What to produce
Print the listing below again, exactly. Skip the pictures.

Supplied material
__________

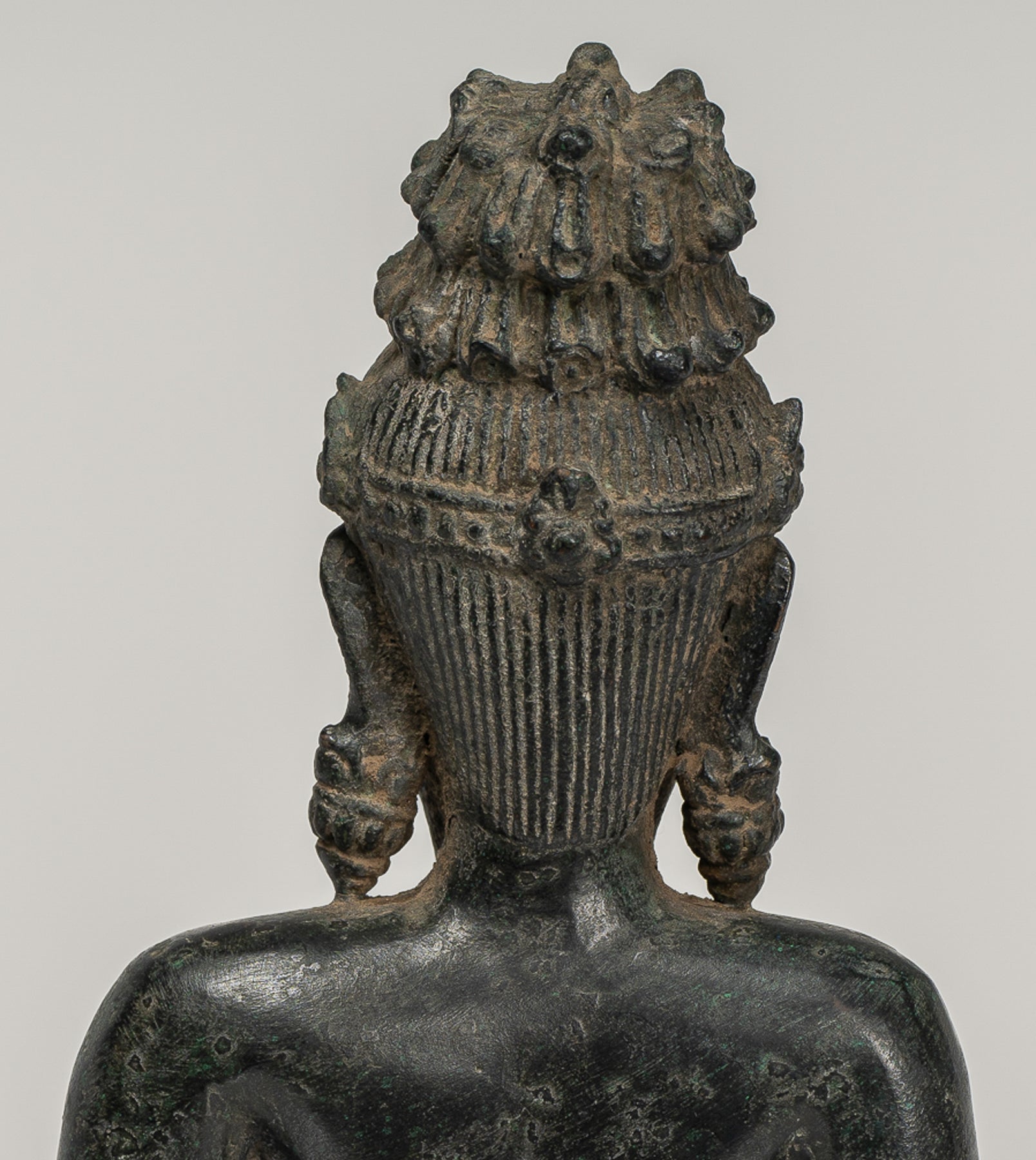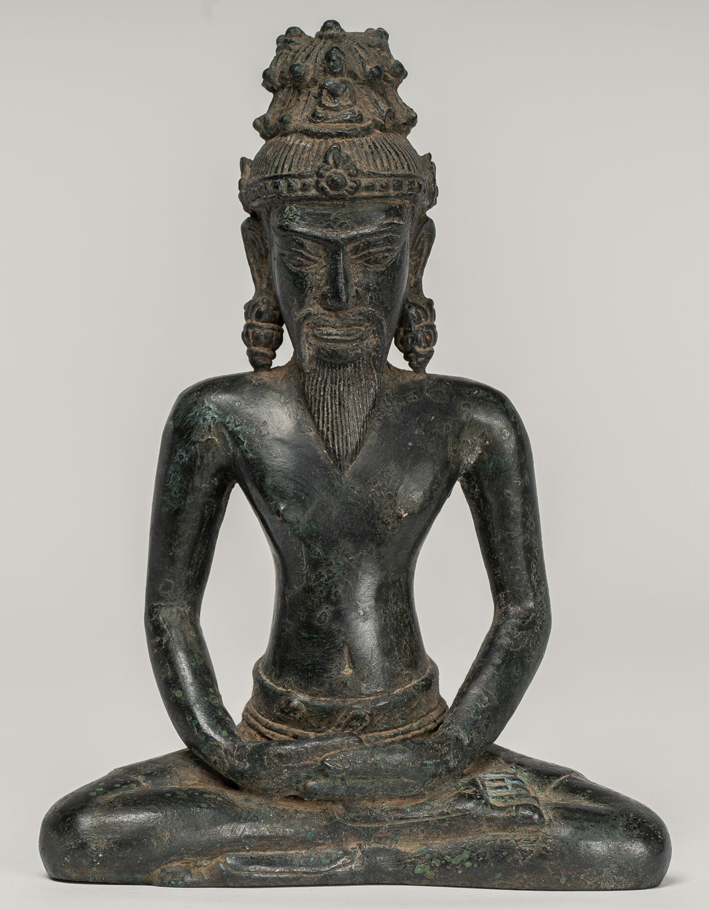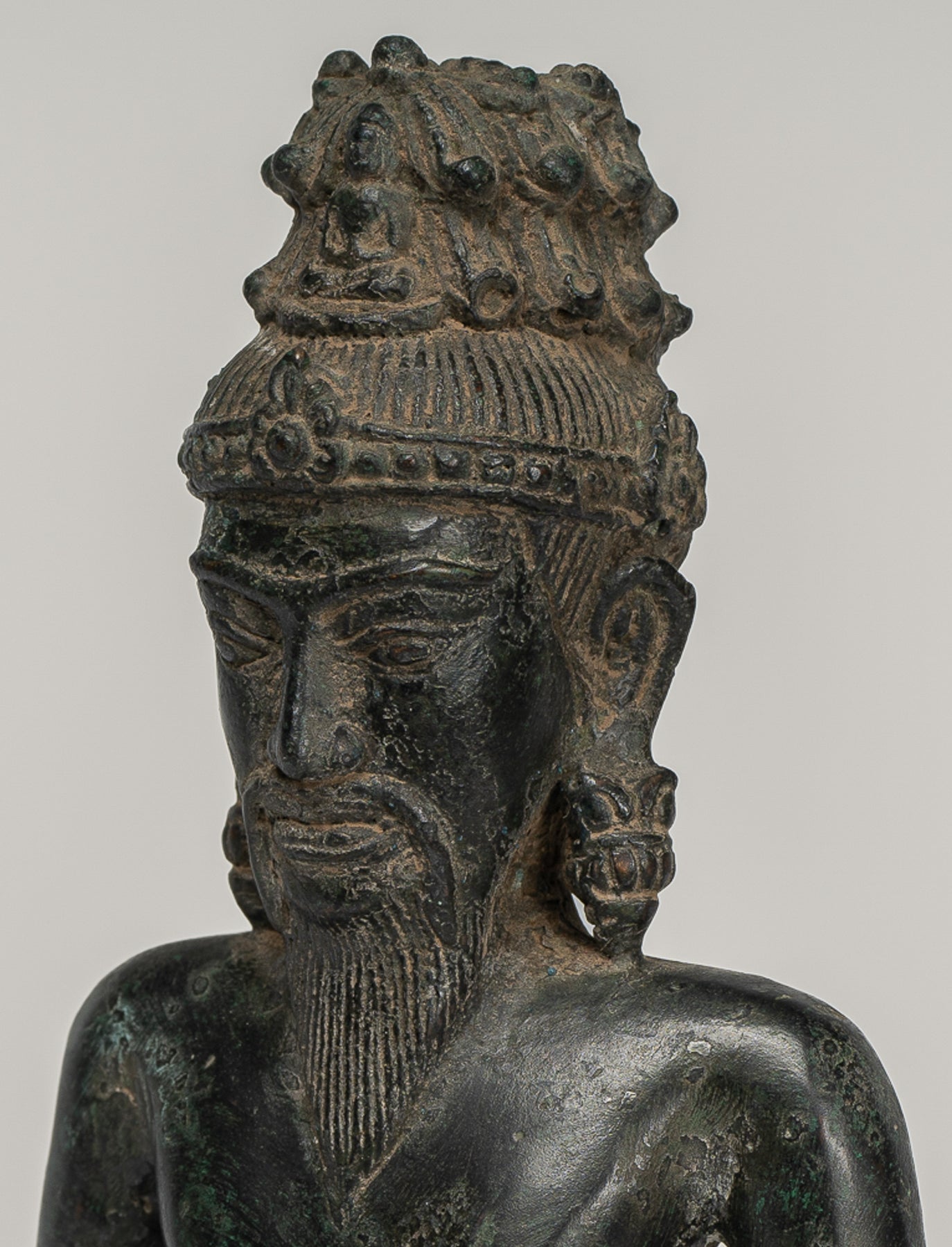 • Statue Rishi – Rishi ou homme sage en bronze assis de style khmer antique – 17 cm/7"
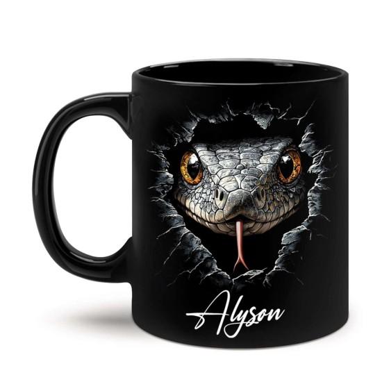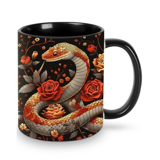Yüksek kaliteli seramikten üretilen fincan, yaklaşık 325-425 ml arası hacme sahiptir. Yılanın detaylı ve üç boyutlu görüntüsü, fincanın arka planındaki siyah renk ile mükemmel bir kontrast oluşturur. Yılanın keskin ve canlı gözleri, adeta fincanın içinden izleyiciyi süzmektedir.
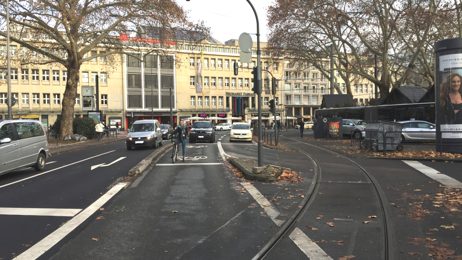 Im Zuge einer Fahrbahnerneuerung haben wir im August 2018 den Radschutzstreifen aus der Straße Am Malzbüchel, im Bereich der Handwerkskammer am Heumarkt, bis an das Rheinufer verlängert und damit den Straßenraum zugunsten des Radverkehrs neu aufgeteilt. Auch haben wir für Radfahrende das direkte Linksabbiegen in den Tunnel unter dem Maritim Hotel möglich gemacht. Dafür haben wir eine der beiden bisherigen Linksabbiegespuren ausschließlich dem Radverkehr zur Verfügung gestellt.
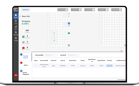 给予对STK的智能化管理功能,遵循SEMI E88协议,接收客户上位系统如MCS的命令指派来实现对晶圆盒的入库和出库操作。配合3D相机,可快速实现AutoTeach 功能,方便工厂安装实施。支持RFID、SmartTag 等标签的读取。搭配金年会诚信至上自研的RFID、SmartTag、E84模块,让设备读取成功率达到同行领先标准。
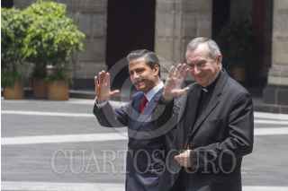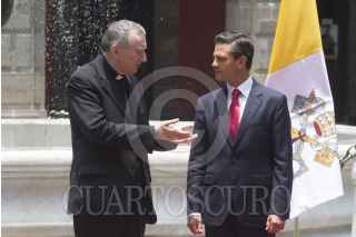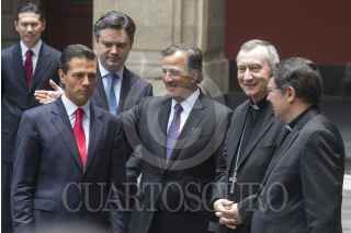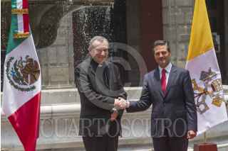 MÉXICO, D.F., 14JULIO2014.- Enrique Peña Nieto, presidente de la República, y Pietro Parolin, secretario de estado de la Santa Sede, posan para los fotógrafos a su llegada a Palacio Nacional, donde sostuvieron una reunión privada. FOTO: ISAAC ESQUIVEL /CUARTOSCURO.COM
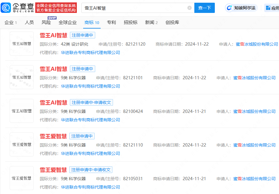 企查查APP顯示,近日,蜜雪冰城股份有限公司申請注冊多枚“雪王AI智慧”、“雪王愛智慧”商標,國際分類包括科學儀器、設計研究,目前商標狀態均為注冊申請中。 據悉,今年11月,蜜雪冰城旗下鄭州寶島科技有限公司、河南雪王科技有限公司成立了雪王愛智慧科技(鄭州)有限公司,后者經營范圍包含人工智能公共數據平臺、人工智能基礎軟件開發、智能機器人銷售等。
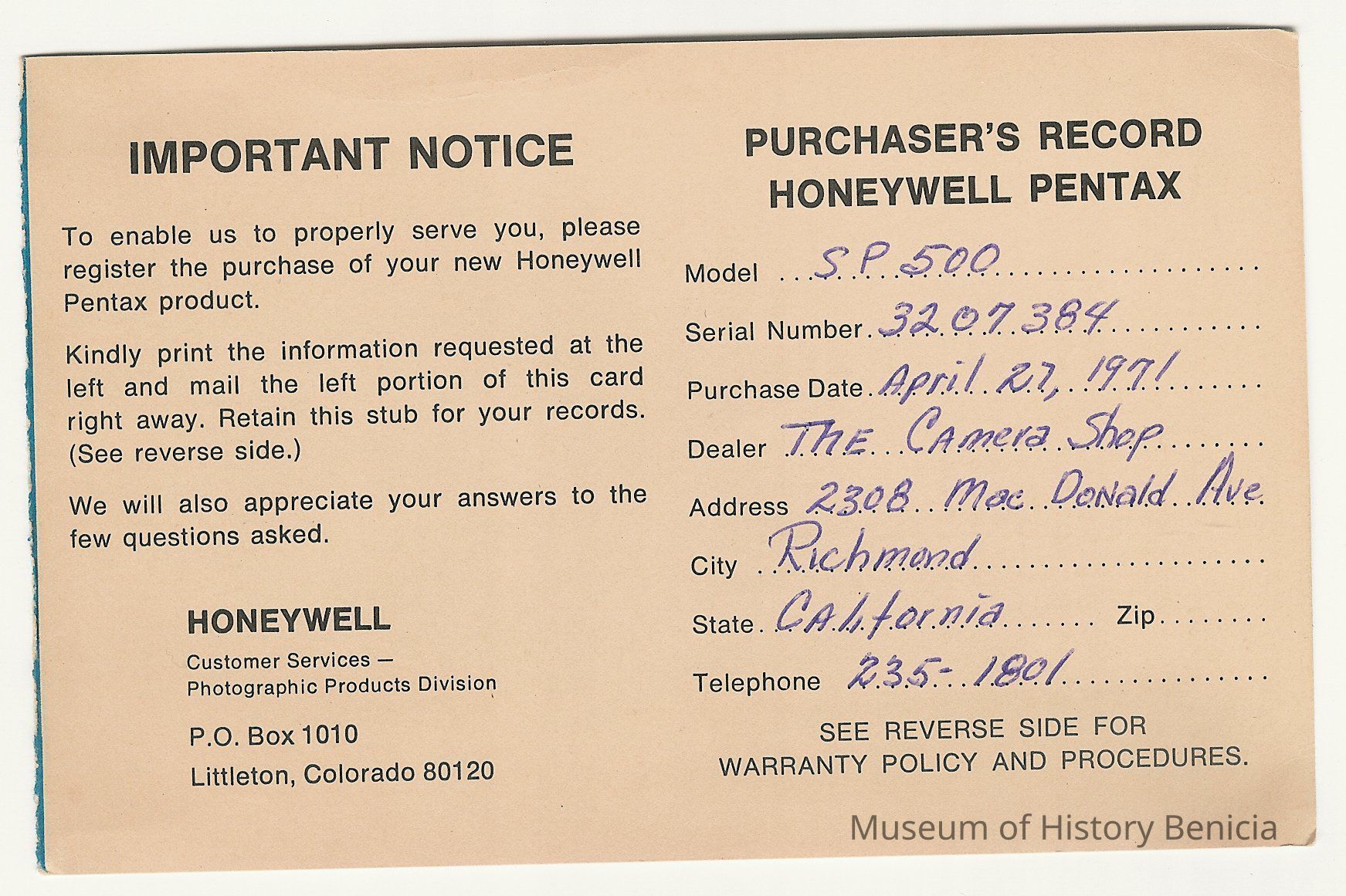 Honeywell Pentax warranty card
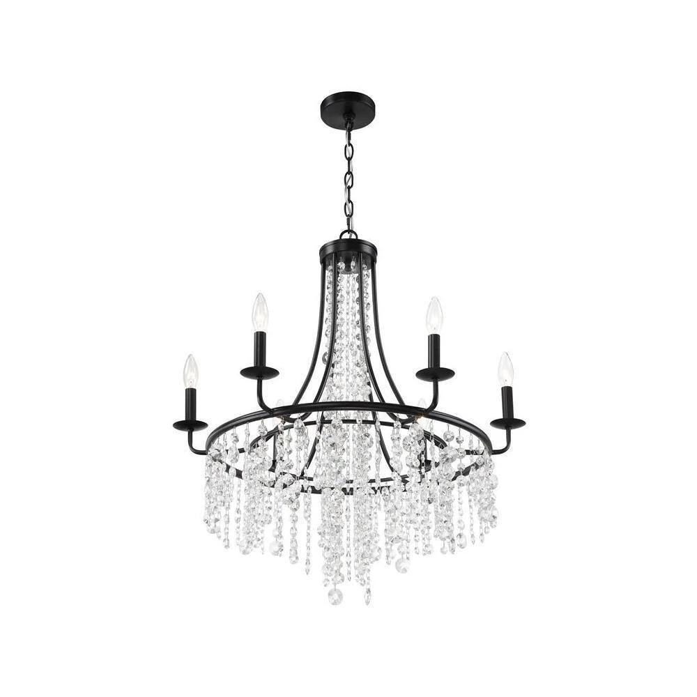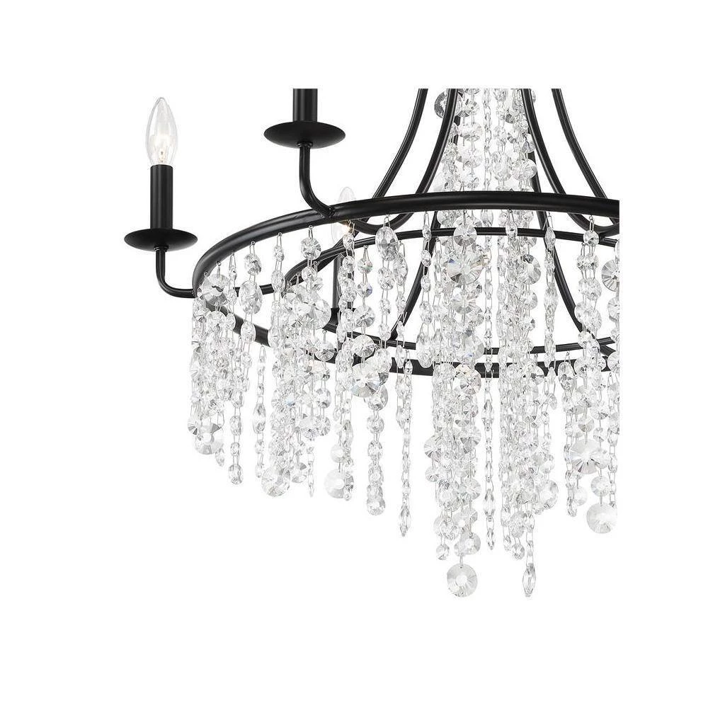 The beautiful Gabrielle silhouette is made of cascading faceted hand-cut crystal strands suspended from its delicate frame. The framework is crafted in wrought iron and available in antique gold, and matte black finishes. Elevate your living space and add character to a room with a shimmering crystal chandelier. Crystorama is known for its standout lighting, which is exceptional in quality and design.
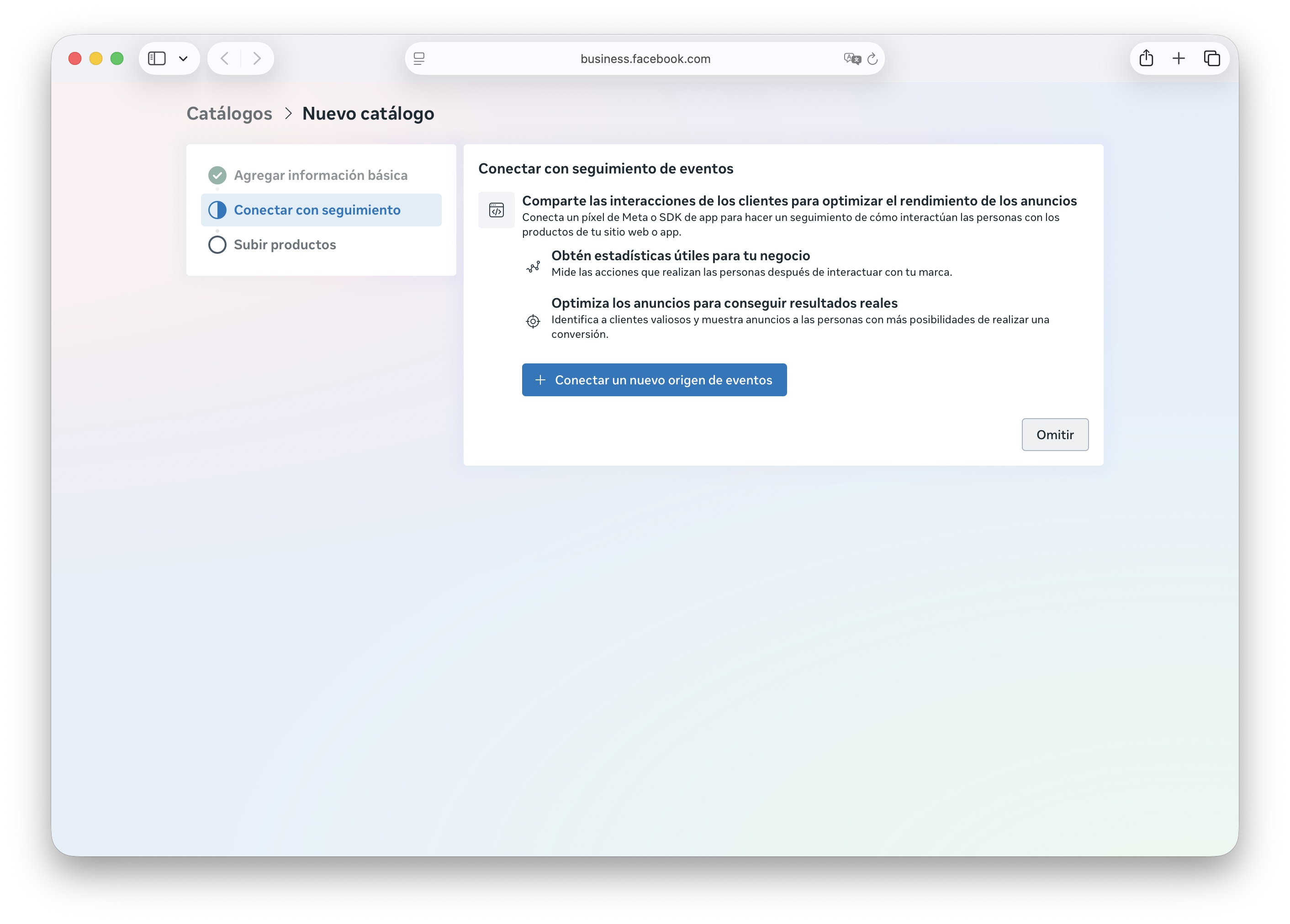 En la siguiente pantalla, Meta te pedirá conectar un origen de eventos (Pixel o SDK). Este paso no es necesario para Hellotext, así que haz clic en Omitir.
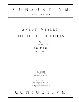 Webern, Anton THREE LITTLE PIECES, op. 11 (1914) Vlc/pf 31855 Perf scs (2) ($8.50) Price is for a set of two (2) performance scores, cleaned and graphically enhanced. Authentic edition. 31855 |
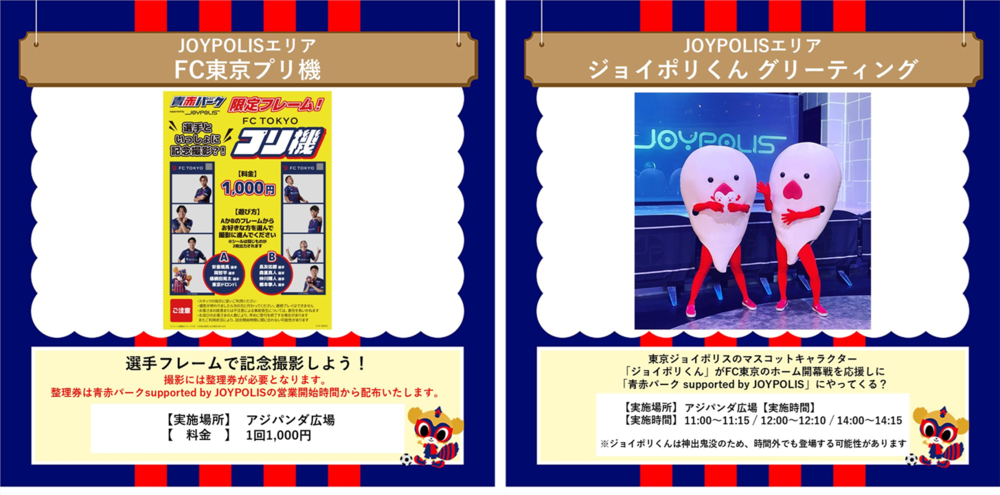 2월 22일(토) 2025 메이지 야스다 J1리그 제2절 vs FC 마치다 젤비아(15:00 킥오프/아지노모토 스타디움)의 아오아카 파크 supported by JOYPOLIS 어트랙션 정보를 알려드립니다.

__________

Finished task
 • Statue Rishi – Rishi ou homme sage en bronze assis de style khmer antique – 17 cm/7"
Yüksek kaliteli seramikten üretilen fincan, yaklaşık 325-425 ml arası hacme sahiptir. Yılanın detaylı ve üç boyutlu görüntüsü, fincanın arka planındaki siyah renk ile mükemmel bir kontrast oluşturur. Yılanın keskin ve canlı gözleri, adeta fincanın içinden izleyiciyi süzmektedir.
 Im Zuge einer Fahrbahnerneuerung haben wir im August 2018 den Radschutzstreifen aus der Straße Am Malzbüchel, im Bereich der Handwerkskammer am Heumarkt, bis an das Rheinufer verlängert und damit den Straßenraum zugunsten des Radverkehrs neu aufgeteilt. Auch haben wir für Radfahrende das direkte Linksabbiegen in den Tunnel unter dem Maritim Hotel möglich gemacht. Dafür haben wir eine der beiden bisherigen Linksabbiegespuren ausschließlich dem Radverkehr zur Verfügung gestellt.
 给予对STK的智能化管理功能,遵循SEMI E88协议,接收客户上位系统如MCS的命令指派来实现对晶圆盒的入库和出库操作。配合3D相机,可快速实现AutoTeach 功能,方便工厂安装实施。支持RFID、SmartTag 等标签的读取。搭配金年会诚信至上自研的RFID、SmartTag、E84模块,让设备读取成功率达到同行领先标准。
 MÉXICO, D.F., 14JULIO2014.- Enrique Peña Nieto, presidente de la República, y Pietro Parolin, secretario de estado de la Santa Sede, posan para los fotógrafos a su llegada a Palacio Nacional, donde sostuvieron una reunión privada. FOTO: ISAAC ESQUIVEL /CUARTOSCURO.COM
 企查查APP顯示,近日,蜜雪冰城股份有限公司申請注冊多枚“雪王AI智慧”、“雪王愛智慧”商標,國際分類包括科學儀器、設計研究,目前商標狀態均為注冊申請中。 據悉,今年11月,蜜雪冰城旗下鄭州寶島科技有限公司、河南雪王科技有限公司成立了雪王愛智慧科技(鄭州)有限公司,后者經營范圍包含人工智能公共數據平臺、人工智能基礎軟件開發、智能機器人銷售等。
 Honeywell Pentax warranty card
 The beautiful Gabrielle silhouette is made of cascading faceted hand-cut crystal strands suspended from its delicate frame. The framework is crafted in wrought iron and available in antique gold, and matte black finishes. Elevate your living space and add character to a room with a shimmering crystal chandelier. Crystorama is known for its standout lighting, which is exceptional in quality and design.
 En la siguiente pantalla, Meta te pedirá conectar un origen de eventos (Pixel o SDK). Este paso no es necesario para Hellotext, así que haz clic en Omitir.
 Webern, Anton THREE LITTLE PIECES, op. 11 (1914) Vlc/pf 31855 Perf scs (2) ($8.50) Price is for a set of two (2) performance scores, cleaned and graphically enhanced. Authentic edition. 31855 |
 2월 22일(토) 2025 메이지 야스다 J1리그 제2절 vs FC 마치다 젤비아(15:00 킥오프/아지노모토 스타디움)의 아오아카 파크 supported by JOYPOLIS 어트랙션 정보를 알려드립니다.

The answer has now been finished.